CAMP RED CLOUD, South Korea - Sounds of small arms fire pierced the brisk, heavy late evening air as defensive forces inside U.S. Army installations here braced themselves to withstand simultaneous coordinated attacks on all access control point gates throughout Warrior Country - a situation that made for an intense exercise.
The exercise was conducted Feb. 22-23 at all major installations in Area I as part of a Defense Department and Department of the Army annual requirement. The realistic scenario known across the DoD and Army as a base defense anti-terrorism exercise was re-invented as a Full Spectrum Operations for the Area I training event.
Second Infantry Division Assistant Division Commander for Maneuver Brig. Gen. Charles Taylor said, at the core of the plan's concept was the idea that everything Soldiers do is an exercise in force protection.
The exercise was designed to validate and improve the U.S. Army Garrison Red Cloud force protection program and anti-terrorism plan and demonstrate the combined forces' capability to conduct a full spectrum of operations and increased force protection levels as it transitions to wartime operational plans with its 2ID partner units.

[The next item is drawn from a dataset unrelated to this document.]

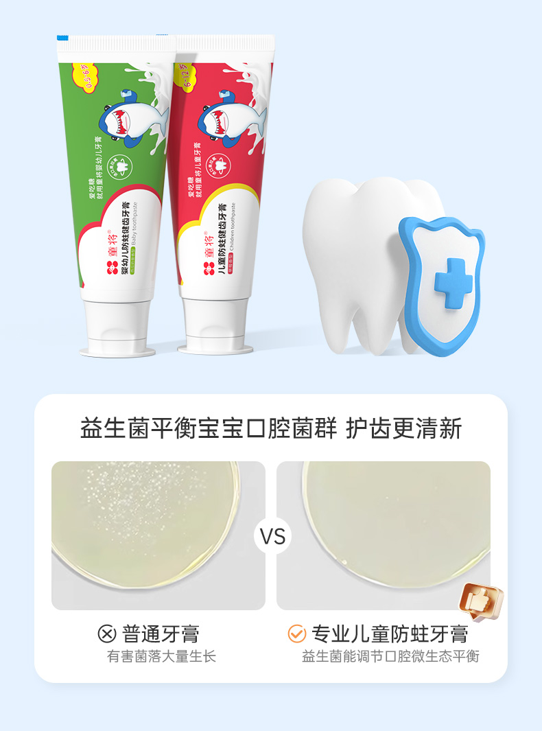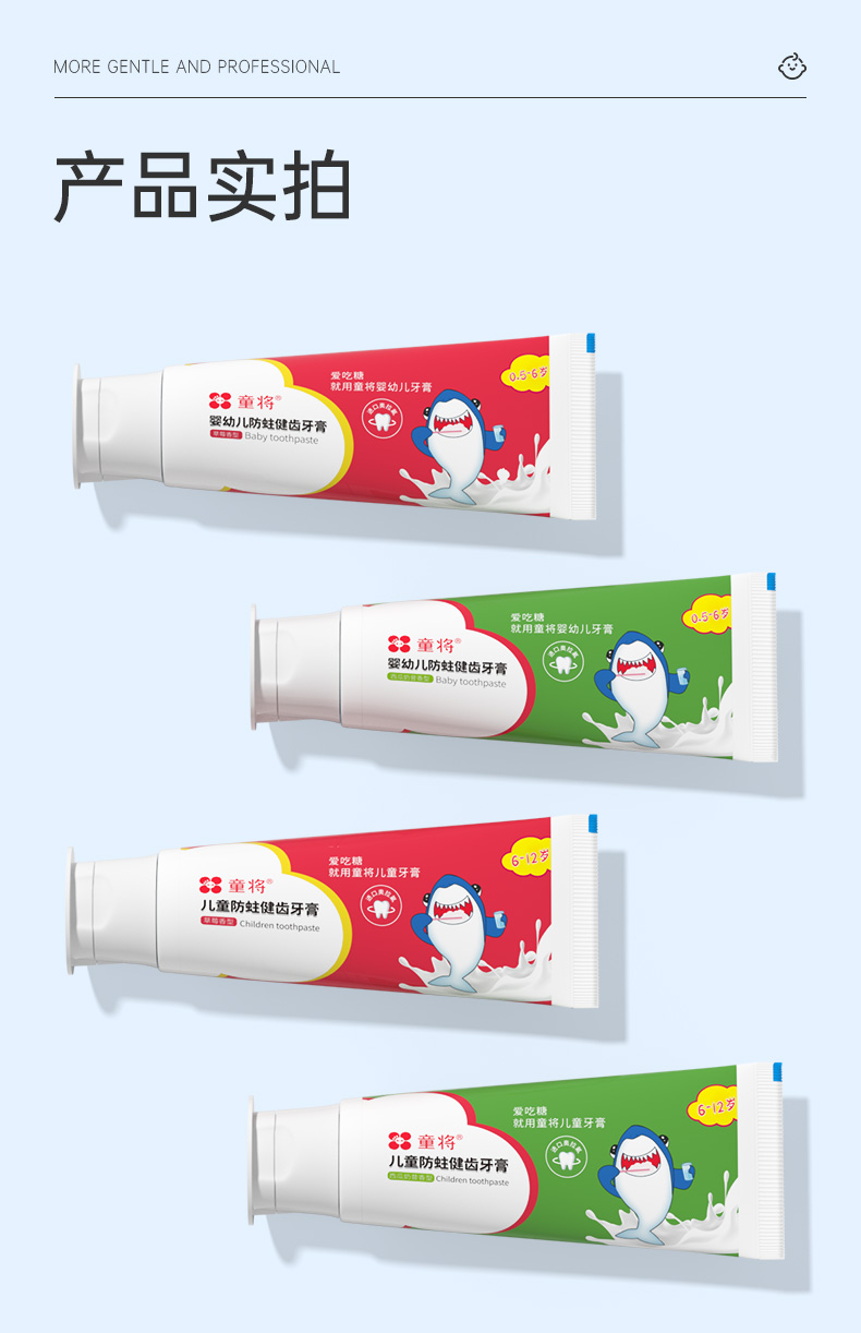 摩擦剂是水合硅石,不易对牙齿造成磨损,适合刚长牙的婴幼儿

"It was very impressive," said Doug Atwater, director of the USAG Red Cloud's Directorate of Plans, Training, Mobilization and Security and the exercise coordinator, about the final event. "A coordinated enemy full assault was not in my original scenario, but it gave all the Soldiers a lot of excitement at the end of the exercise. Usually these exercises come to an anti-climactic end, but Brigadier General Taylor injected a dynamic touch by planning the final piece of the exercise to give everybody a lot of excitement and training. It was very beneficial."
Fully developed scenarios included a telephonic bomb threat to the school, an active shooter with mass casualties, a hostage situation, Portal Shield chemical, biological, radiological and nuclear detection and decontamination of troops and equipment, a vehicle borne improvised explosive device detonation with mass casualties, suspicious backpacks with actual and inert explosive material, attempted entries with falsified identification cards at access points on all installations, personnel reacting to media on the battlefield and even mock press conferences conducted by USAG Red Cloud and 2ID commanders.
Atwater said this exercise was the first time Warrior Country installations fully exercised Force Protection Condition Delta simultaneously across all bases thereby limiting access to U.S. identification cardholders and emergency essential Korean employees. To add to the realism, all non-essential Army and Air Force Exchange Service and Directorate of Family and Morale, Welfare and Recreation facilities and services were shut down when FPCON Delta was activated Feb. 23.
Making the scenario a full spectrum operation also permitted the garrison to exercise memorandums of agreement with Republic of Korea Army units - the 65th ROK Division and the 75th Infantry Regiment - to deploy and provide perimeter security patrols around camps Casey, Hovey, Red Cloud and Stanley.
For this year's exercise, the ROK Army's 56th Ammunition Battalion (Explosive Ordnance Detachment) was activated to respond to and disarm actual explosive material at an access point gate. The 8th Army Special Reaction Team and 8th Army EOD also participated.
"Brig. Gen. Taylor with Maj. Gen. (Michael S.) Tucker's endorsement tasked us to design and conduct an exercise that would have all these events on all of the bases through the two days," Atwater said. "Every one of the DOD and Department of the Army requirements for an ATFP exercise was conducted on all four of the main bases in Area I."
USAG Red Cloud Commander Col. Hank Dodge acknowledged the value to the units that participated. "By conducting a real full spectrum for protection exercise across all four bases simultaneously, we achieved a significant degree of training readiness for the garrison, the 304th Signal Battalion, the 2nd Infantry Division, other tenant units and our ROK Army partners," he said.
"The idea is that we exercise our battle drills and plans here today and improve on them so that we can save lives in the future," Taylor said.